PROBLEM REQUIREMENTS
Repeat only what runs from the line with "RBD-ACE2-B0AT1 复合物结构图" through the last line of the data below, both included, keeping every word as it is and leaving out the pictures.

Items from a data source
=-=-=-=-=
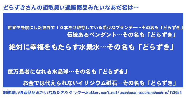 | ヘコむあだ名 | 『どらずき(遠い目)』『どらっちょ』 |
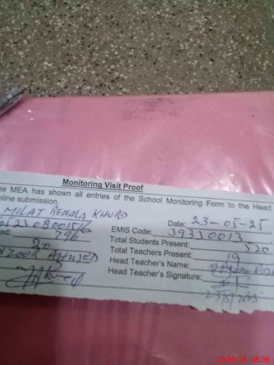 | Attendance Register | Head Teacher | MEA with School | Visit Proof |
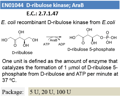 One unit is defined as the amount of enzyme that catalyzes the formation of 1 μmol D-ribulose 5- phosphate from D-ribulose and ATP per minute at 37 °C.
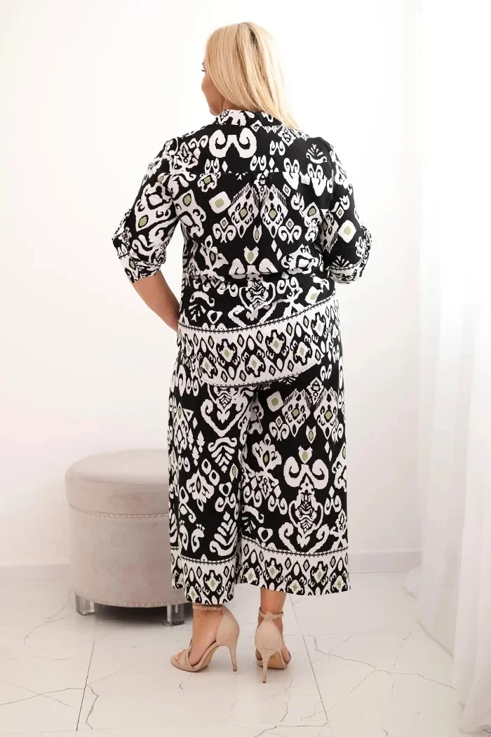 Dámská plus size viskózová souprava s geometrickým potiskem černý
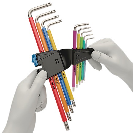 - Wysokiej jakości zestaw trzpieniowych kluczy kątowych do śrub i wkrętów z gniazdem TORX®.
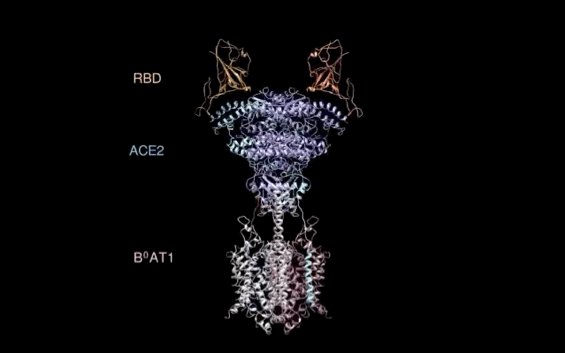 RBD-ACE2-B0AT1 复合物结构图
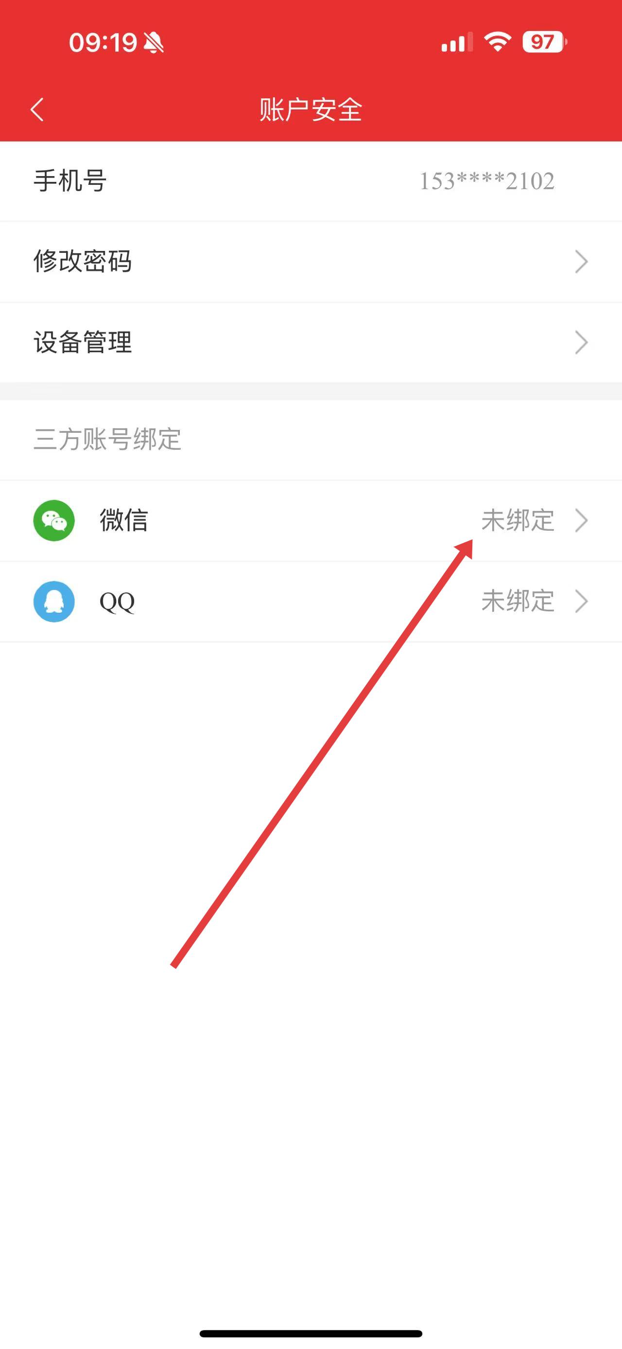 3、在账户安全页面,找到微信绑定入口,点击右侧未绑定按钮。
=-=-=-=-=
EXPECTED ANSWER
 RBD-ACE2-B0AT1 复合物结构图
 3、在账户安全页面,找到微信绑定入口,点击右侧未绑定按钮。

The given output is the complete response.